English actor (born 1962)

Jonathan Scott-Taylor (born 6 March 1962) is an English actor, perhaps best known for his portrayal of the title role in the 1978 supernatural horror film Damien: Omen II.

Other credits include Tales of the Unexpected (1980), episode "Galloping Foxley", The Mill on the Floss (1978–1979), Triangle (1982-1983), Shadey (1985), and Troubles (1988)

==Early life==
He was born 6 March 1962 in São Paulo, Brazil to English parents; his father was a consultant for the fishery industry in Brazil at the time. His family moved back to England when he was five years old. He was educated at Haberdashers' Aske's Boys' School, Elstree.
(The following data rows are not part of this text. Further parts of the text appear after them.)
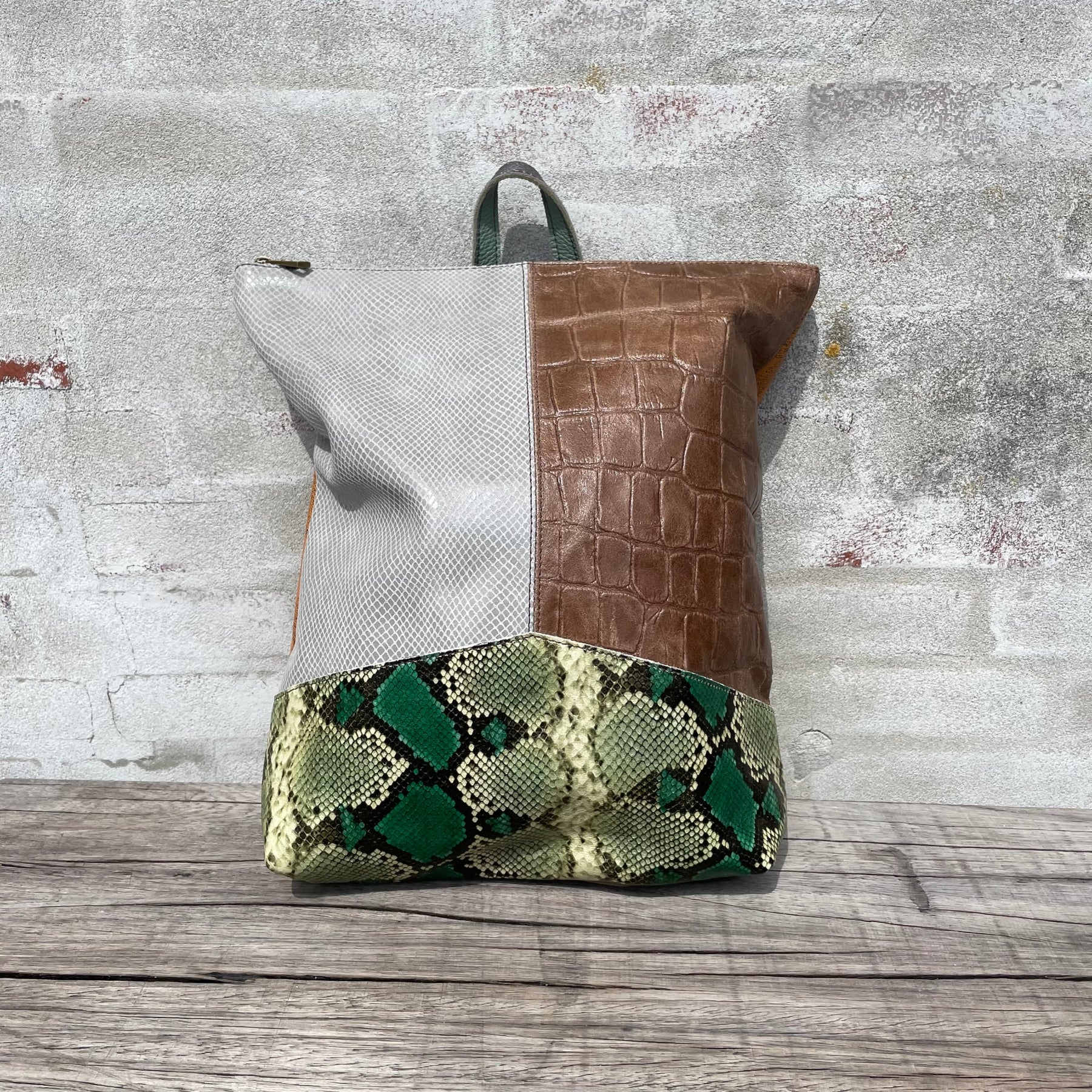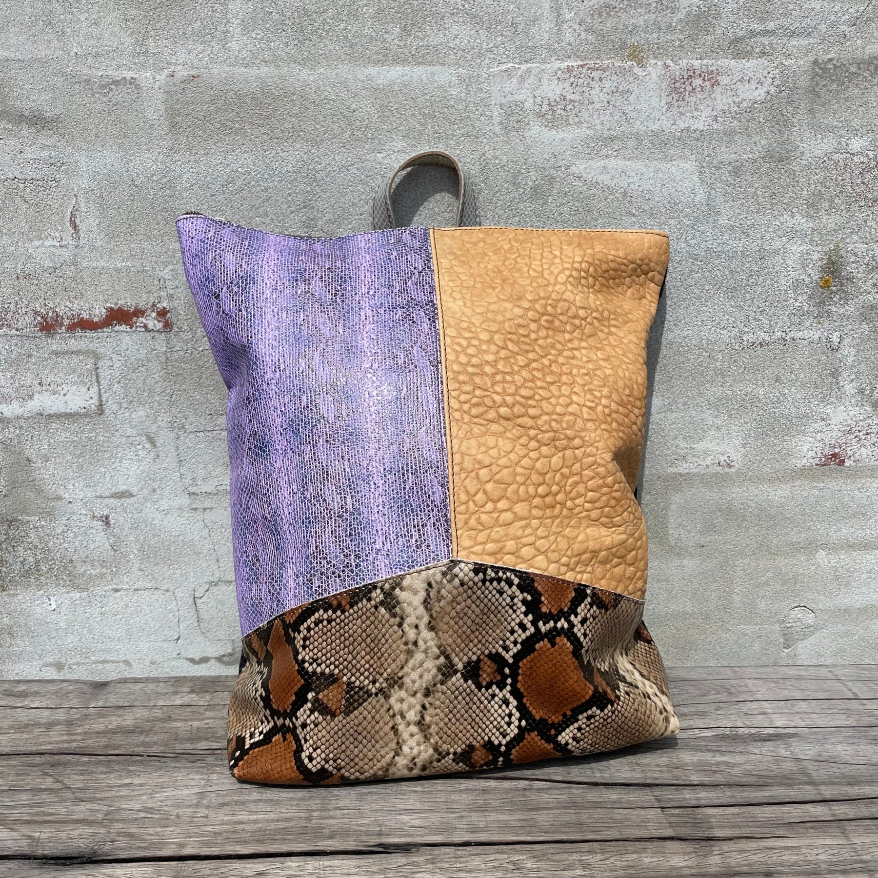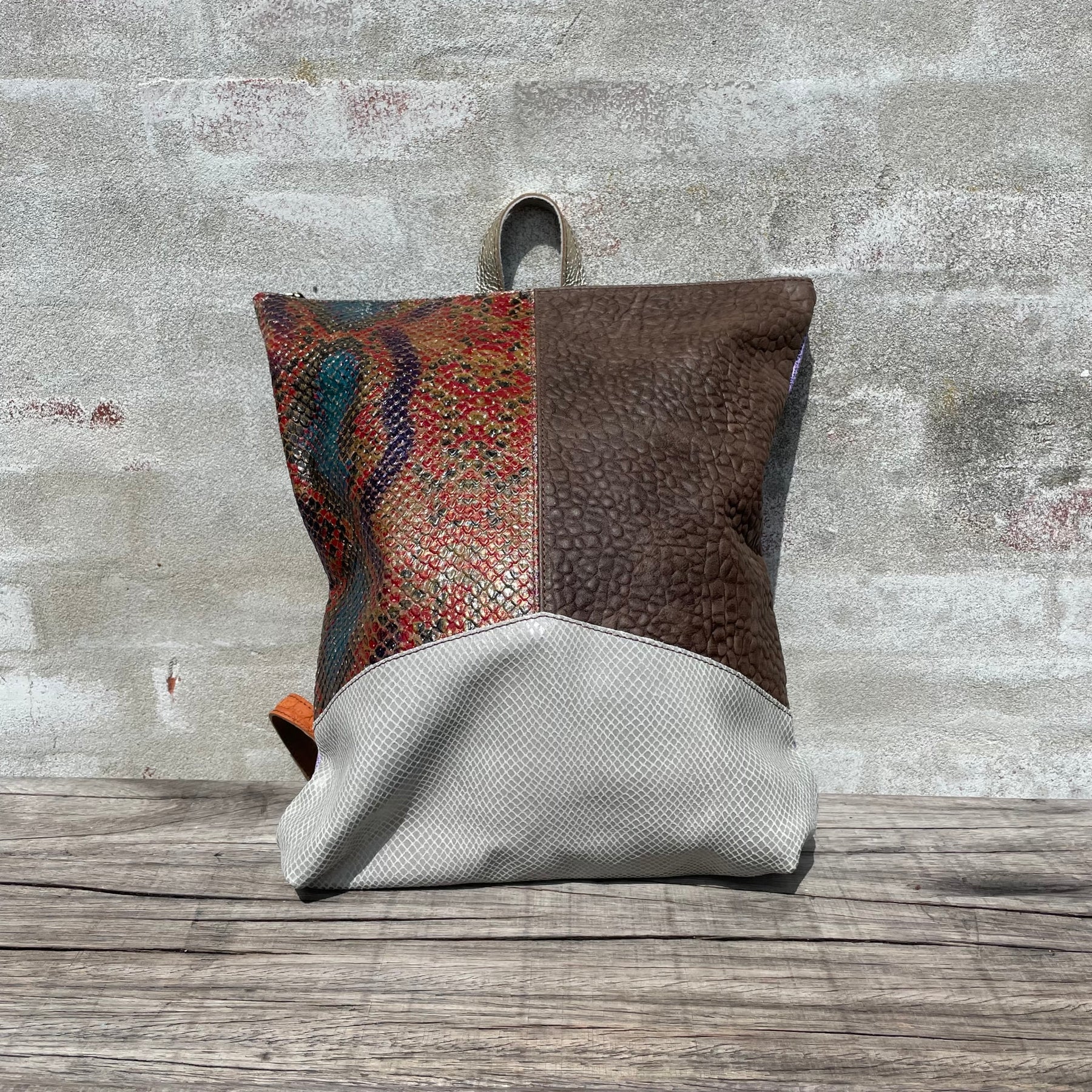 Fed rygsækstaske i forskelligt imiteret læderprint. Har to indvendige lommer. Den ene med lynlås. Indvendigt beklædt med ternet bomuld. Stropperne kan let justeres.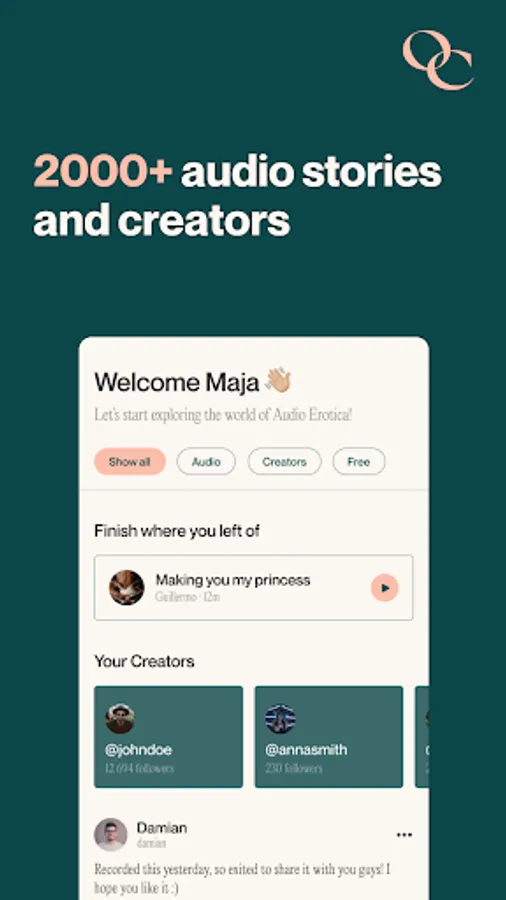 Our platform is designed to help creators monetize their skills and connect with an engaged audience who appreciates their talent. And for users, our app offers a treasure trove of captivating stories and voices to help you find your inner calm and explore uncharted territories.
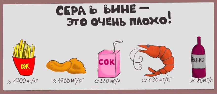 Содержание серы в вине по сравнению с различными продуктами На степень утреннего похмелья после употребления вина частично влияет и сернистый ангидрид. Продукты распада алкоголя токсины, а добавки в виде Е220, негативно сказываются на работе печени.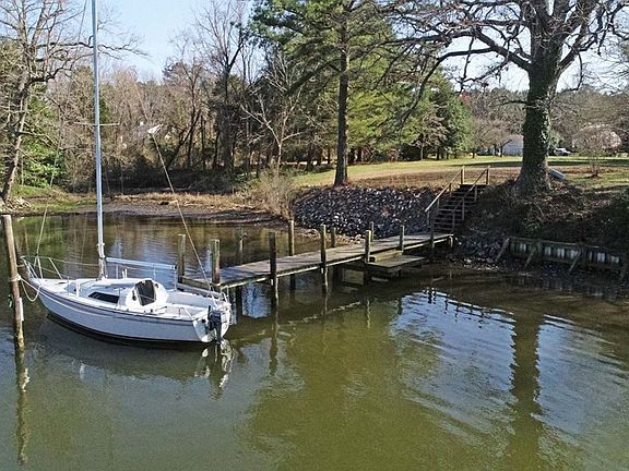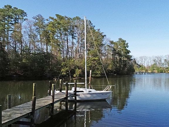 Waterfront Farmhouse with 8+ Acres on Indian Creek just off the Chesapeake Bay....plus less than 5 minutes to the town of Kilmarnock! The property has a pier with 4'MLW (nice deep protected cove) with no flood zone. Beautiful grounds surround this home with Dogwoods, Cherry Trees, bulbs, Tree-lined drive with mature Crepe Myrtle's, & ample area to play, garden or build more! The detached dependencies are a two-story 2-car garage & a fabulous chicken coop with plumbing & a brick chimney! The 1916 Farmhouse has all the charm of yesteryear with the modern needs of today! High ceilings, beautiful wood work, 1st floor with hardwood floors (protected under carpet currently), Fireplace in the Living Room, Lovely Sunroom, 1st floor Master Suite with attached bath & sliding door to deck, 4 Bedrooms total, & more! Home is in great condition & has been rented to great renters. *Home is being Sold As-Is & has been priced accordingly.* Recent Improvements including windows, siding, dock, rip rap, HVAC, some appliances & more in last 10+ years. Want to have a quiet county life? Chickens, garden + Waterfront? This is the perfect place!!

Scott-Taylor started going to drama school at age 11.

==Acting career==
He played the character of Jim Hawkins in a stage musical of Treasure Island in 1973. He went on to take minor roles in Bugsy Malone (1976) and The Four Feathers (1978), and a starring role in a BBC production of The Winslow Boy (1977).
A Casting director watched him perform alongside Glenda Jackson in The White Devil at The Old Vic, after which he was chosen to play teen Damien Thorn in Damien: Omen II (1978).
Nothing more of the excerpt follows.